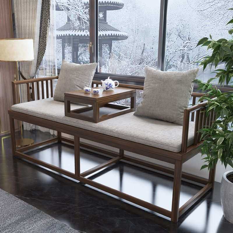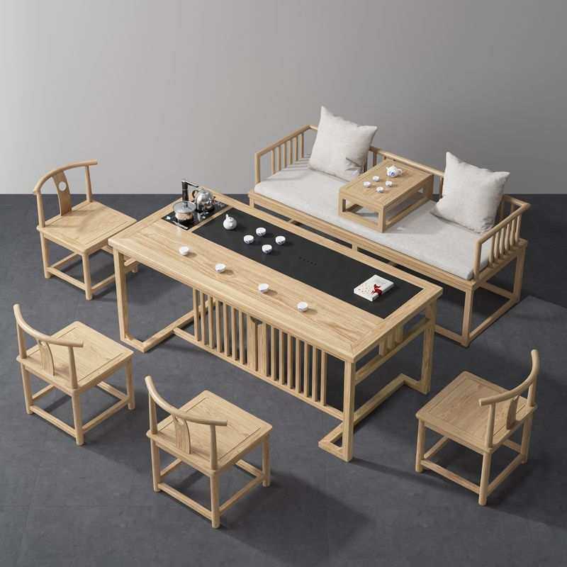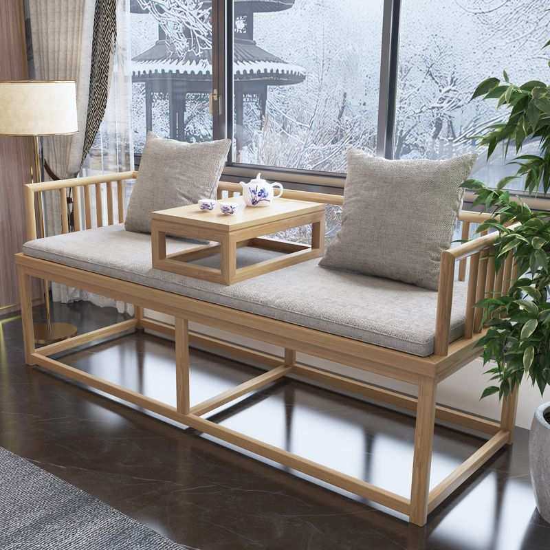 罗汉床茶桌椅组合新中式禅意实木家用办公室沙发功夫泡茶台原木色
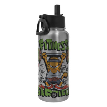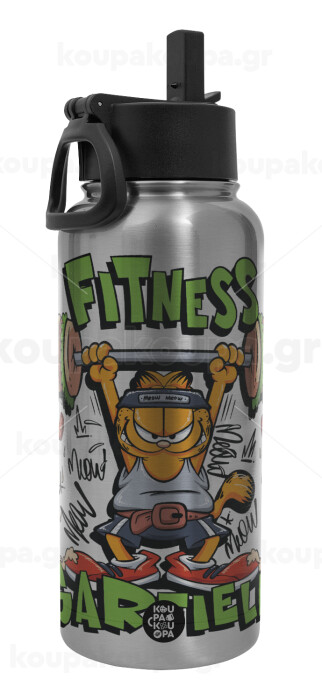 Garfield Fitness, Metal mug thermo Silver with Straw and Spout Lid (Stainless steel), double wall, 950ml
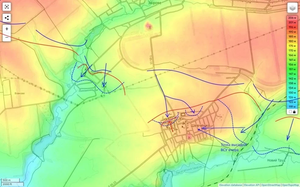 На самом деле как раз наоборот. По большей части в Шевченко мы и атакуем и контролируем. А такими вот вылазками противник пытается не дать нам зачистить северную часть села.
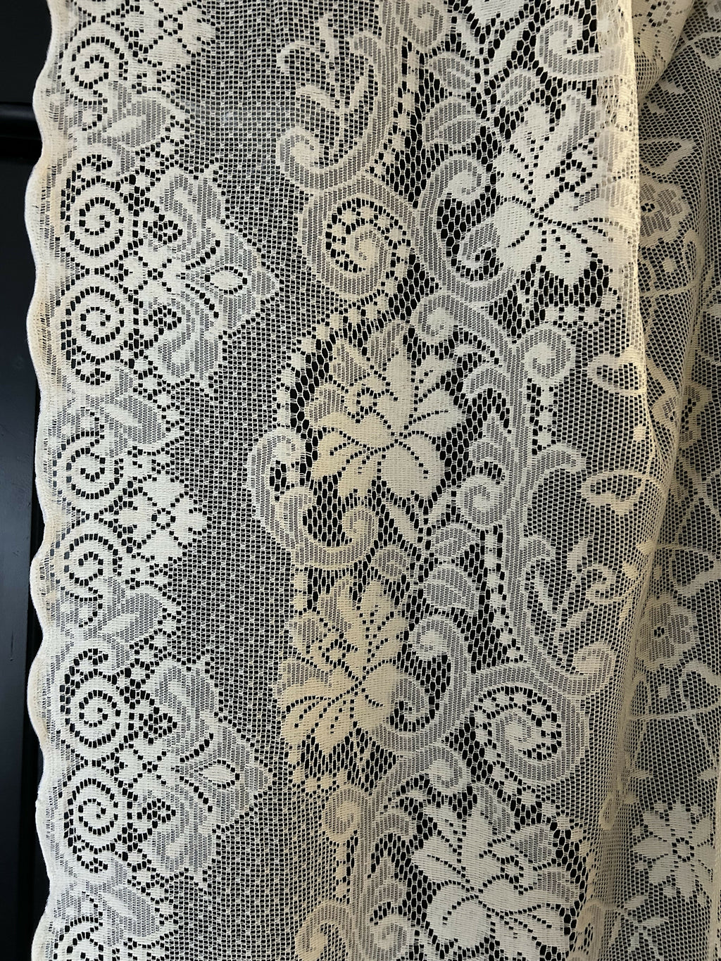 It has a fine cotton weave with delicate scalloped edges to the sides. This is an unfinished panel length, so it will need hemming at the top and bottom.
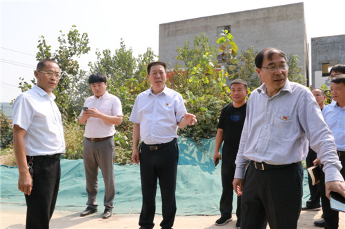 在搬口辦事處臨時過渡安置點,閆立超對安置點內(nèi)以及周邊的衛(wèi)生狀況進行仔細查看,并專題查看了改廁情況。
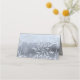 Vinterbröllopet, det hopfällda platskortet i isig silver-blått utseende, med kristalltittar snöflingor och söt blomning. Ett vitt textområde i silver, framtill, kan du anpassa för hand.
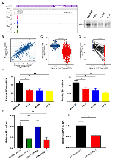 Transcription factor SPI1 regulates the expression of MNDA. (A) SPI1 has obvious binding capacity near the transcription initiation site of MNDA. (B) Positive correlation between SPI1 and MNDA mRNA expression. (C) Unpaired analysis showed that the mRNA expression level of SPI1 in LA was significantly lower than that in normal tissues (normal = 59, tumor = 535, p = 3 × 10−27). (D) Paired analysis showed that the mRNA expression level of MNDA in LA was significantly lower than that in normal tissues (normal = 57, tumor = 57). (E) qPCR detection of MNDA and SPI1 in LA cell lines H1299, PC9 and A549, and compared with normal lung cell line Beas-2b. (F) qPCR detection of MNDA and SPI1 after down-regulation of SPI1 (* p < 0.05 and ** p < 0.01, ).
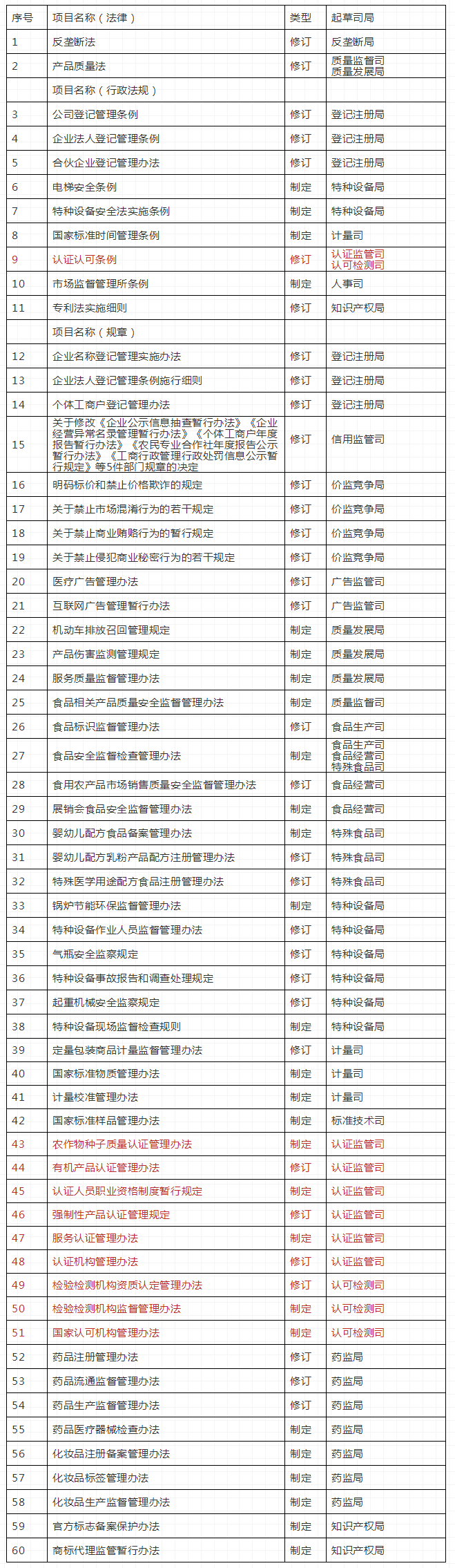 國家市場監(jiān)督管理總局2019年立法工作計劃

-------------------------

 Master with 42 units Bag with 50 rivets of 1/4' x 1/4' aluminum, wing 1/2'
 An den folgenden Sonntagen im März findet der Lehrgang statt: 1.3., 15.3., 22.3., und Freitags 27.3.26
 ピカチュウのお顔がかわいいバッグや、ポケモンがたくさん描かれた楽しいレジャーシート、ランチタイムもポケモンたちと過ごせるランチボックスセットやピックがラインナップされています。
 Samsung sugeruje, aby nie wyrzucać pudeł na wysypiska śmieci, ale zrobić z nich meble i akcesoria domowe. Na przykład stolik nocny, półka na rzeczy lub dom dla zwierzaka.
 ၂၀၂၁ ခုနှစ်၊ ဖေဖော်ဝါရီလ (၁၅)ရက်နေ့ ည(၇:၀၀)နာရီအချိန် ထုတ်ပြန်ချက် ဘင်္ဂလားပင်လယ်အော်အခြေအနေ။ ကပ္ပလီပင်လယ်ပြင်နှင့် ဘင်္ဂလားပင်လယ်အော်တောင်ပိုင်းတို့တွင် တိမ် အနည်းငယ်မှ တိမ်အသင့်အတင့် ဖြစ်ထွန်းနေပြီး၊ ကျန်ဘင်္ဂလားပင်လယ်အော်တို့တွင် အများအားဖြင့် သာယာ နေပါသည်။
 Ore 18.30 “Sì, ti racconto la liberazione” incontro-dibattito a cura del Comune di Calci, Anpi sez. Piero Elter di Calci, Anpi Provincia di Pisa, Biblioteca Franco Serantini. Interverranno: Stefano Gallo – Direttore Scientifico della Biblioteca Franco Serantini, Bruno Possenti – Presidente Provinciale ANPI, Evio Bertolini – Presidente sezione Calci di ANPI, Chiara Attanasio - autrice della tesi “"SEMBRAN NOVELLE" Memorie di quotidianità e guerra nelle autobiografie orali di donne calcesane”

-------------------------

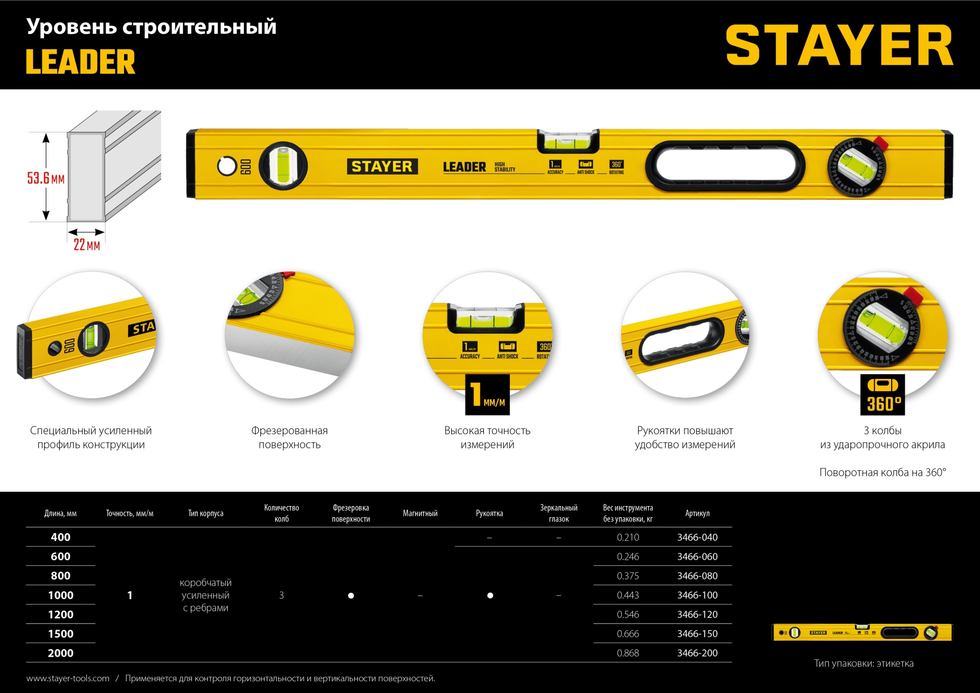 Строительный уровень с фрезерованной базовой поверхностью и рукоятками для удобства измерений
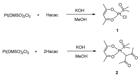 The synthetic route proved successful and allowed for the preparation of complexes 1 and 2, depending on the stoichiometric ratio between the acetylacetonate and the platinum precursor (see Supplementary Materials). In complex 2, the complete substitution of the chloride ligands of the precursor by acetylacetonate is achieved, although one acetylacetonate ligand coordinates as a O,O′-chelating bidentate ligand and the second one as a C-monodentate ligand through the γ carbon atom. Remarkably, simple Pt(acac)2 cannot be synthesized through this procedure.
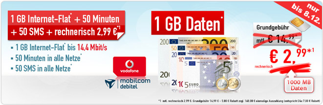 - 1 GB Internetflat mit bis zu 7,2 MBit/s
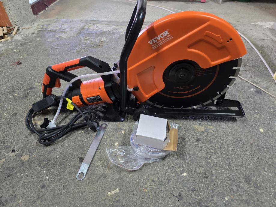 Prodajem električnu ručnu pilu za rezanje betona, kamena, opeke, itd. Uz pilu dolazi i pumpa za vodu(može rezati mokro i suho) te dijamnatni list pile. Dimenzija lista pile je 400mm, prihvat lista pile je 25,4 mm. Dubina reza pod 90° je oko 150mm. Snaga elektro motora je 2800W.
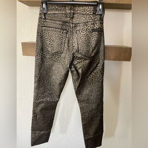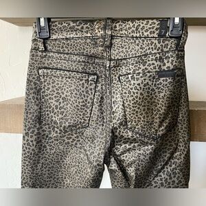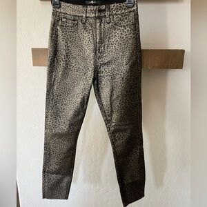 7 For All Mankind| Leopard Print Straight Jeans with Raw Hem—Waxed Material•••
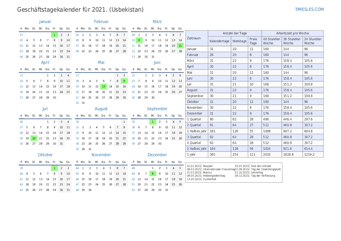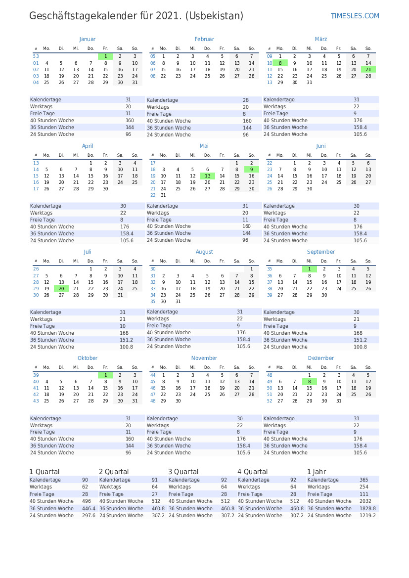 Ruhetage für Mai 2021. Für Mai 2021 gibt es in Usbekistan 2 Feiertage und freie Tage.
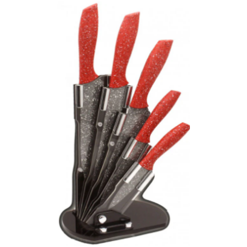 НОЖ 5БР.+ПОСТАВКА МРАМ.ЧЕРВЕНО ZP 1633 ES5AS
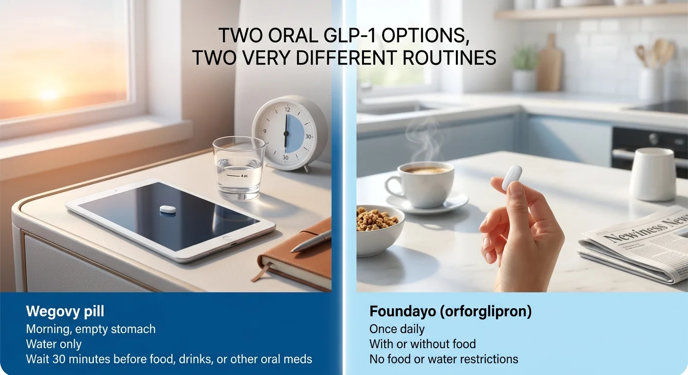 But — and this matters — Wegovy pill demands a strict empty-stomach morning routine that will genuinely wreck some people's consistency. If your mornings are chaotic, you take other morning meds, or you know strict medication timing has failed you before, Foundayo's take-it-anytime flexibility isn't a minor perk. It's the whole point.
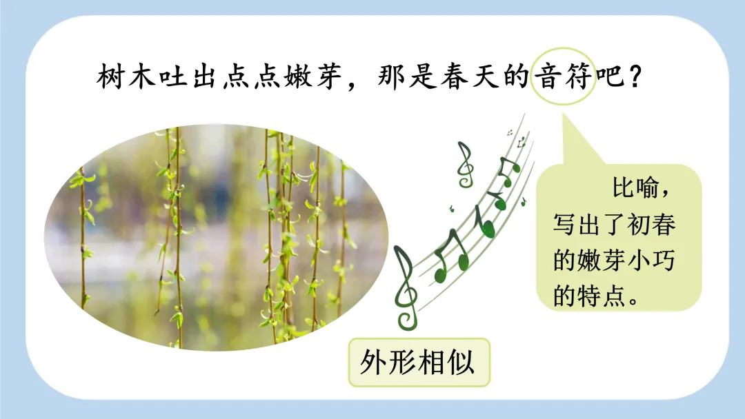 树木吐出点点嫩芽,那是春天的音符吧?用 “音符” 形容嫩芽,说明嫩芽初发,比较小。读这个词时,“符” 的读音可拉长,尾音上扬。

-------------------------

| WORK REQUEST |
Among the entries above, locate the lines containing "Master with 42" and "၂၀၂၁ ခုနှစ်၊ ဖေဖော်ဝါရီလ", and transcribe exactly those two lines and all lines between.

| EXERCISE ANSWER |
 Master with 42 units Bag with 50 rivets of 1/4' x 1/4' aluminum, wing 1/2'
 An den folgenden Sonntagen im März findet der Lehrgang statt: 1.3., 15.3., 22.3., und Freitags 27.3.26
 ピカチュウのお顔がかわいいバッグや、ポケモンがたくさん描かれた楽しいレジャーシート、ランチタイムもポケモンたちと過ごせるランチボックスセットやピックがラインナップされています。
 Samsung sugeruje, aby nie wyrzucać pudeł na wysypiska śmieci, ale zrobić z nich meble i akcesoria domowe. Na przykład stolik nocny, półka na rzeczy lub dom dla zwierzaka.
 ၂၀၂၁ ခုနှစ်၊ ဖေဖော်ဝါရီလ (၁၅)ရက်နေ့ ည(၇:၀၀)နာရီအချိန် ထုတ်ပြန်ချက် ဘင်္ဂလားပင်လယ်အော်အခြေအနေ။ ကပ္ပလီပင်လယ်ပြင်နှင့် ဘင်္ဂလားပင်လယ်အော်တောင်ပိုင်းတို့တွင် တိမ် အနည်းငယ်မှ တိမ်အသင့်အတင့် ဖြစ်ထွန်းနေပြီး၊ ကျန်ဘင်္ဂလားပင်လယ်အော်တို့တွင် အများအားဖြင့် သာယာ နေပါသည်။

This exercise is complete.